The Canes struck back with 48.5 seconds to play in the opening frame, as leading scorer Jeff Skinner blasted a shot from the side boards that deflected off Avs defenseman Nikita Zadorov and behind Pickard to tie the game at one.
“It felt good playing with Turbo [Teuvo Teravainen] and Stemper [Lee Stempniak],” Skinner said. “They did a good job making plays, but I think we could still hang on to pucks a little bit more in the offensive end and create zome more zone time.”
The Avalanche nearly regained the lead early in the second, but Ward stretched out to make a tremendous stop on Colorado forward Gabriel Landeskog off a backdoor play to keep the game tied at one.
Both teams had some good chances in the second period, but Ward and Pickard held up to send the game to the third deadlocked at one.
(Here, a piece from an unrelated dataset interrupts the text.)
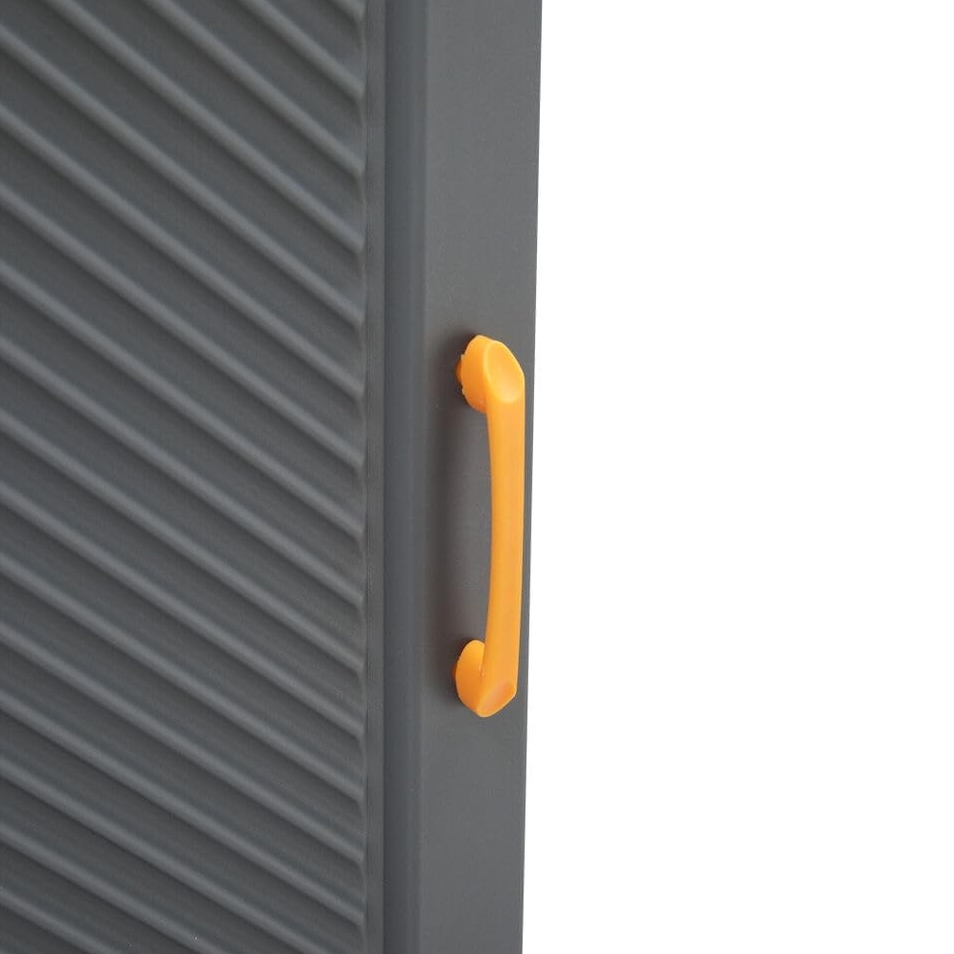 Posiada zamykane drzwiczki, które chronią od kurzu i wizualnie porządkują przestrzeń.

The Canes had another empty power play in the second, as the man advantage struggled once again in this game; Carolina finished 0 for 2 with the power play.
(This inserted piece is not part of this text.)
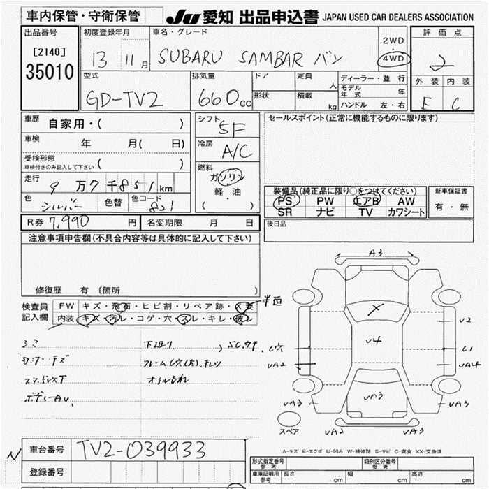 SUBARU SAMBAR VAN - лот 35010
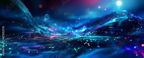 Graphic design background of tech scene or neon light blue beige tone. AI generated, highlighting the process of integrating technology into traditional business models, Digital transform

“We’re definitely going to need it [the power play],” Skinner said. “I don’t know, it’s something we’ve got to keep working at. Obviously for the last little while, it’s been struggling. Hopefully we can turn that around. We’ll find ways to keep working at it.”
The crowd erupted as Skinner appeared to put the Canes up a goal halfway through the third, but forward Lee Stempniak had already been whistled for slashing, wiping out the goal. Right off the draw on the Avs power play, Staal and forward Joakim Nordstrom got a golden opportunity on a shorthanded rush, but the puck somehow stayed out and the game stayed knotted at one.
“It was rough,” Peters said of the lack of offense in the game. “Lots of pucks at the feet, lots of turnovers.”
The Avs nearly got an odd-man rush to end it late in regulation, but defenseman Justin Faulk took a very much necessary tripping penalty with a few seconds left, giving Colorado a full man advantage to start overtime, which the Canes killed off before Rantanen’s winner.
“I think the effort was there, but the execution was lacking,” Peters said. “You really had to work hard to overcome a lack of execution.”
The first post-bye week game has been a struggle for the league as a whole, as NHL teams are now 3-9-2 coming off the bye. This was not the result the Canes wanted coming off the break, a loss at home to the worst team in the NHL with every point being precious. While the Canes gained a charity point, they are still seven points back of an Eastern Conference Wild Card spot, adding even more importance to the remaining four games on this home stand.
The Canes will be back in action Sunday night with a pivotal game against the Toronto Maple Leafs, the team currently in possession of that coveted playoff position.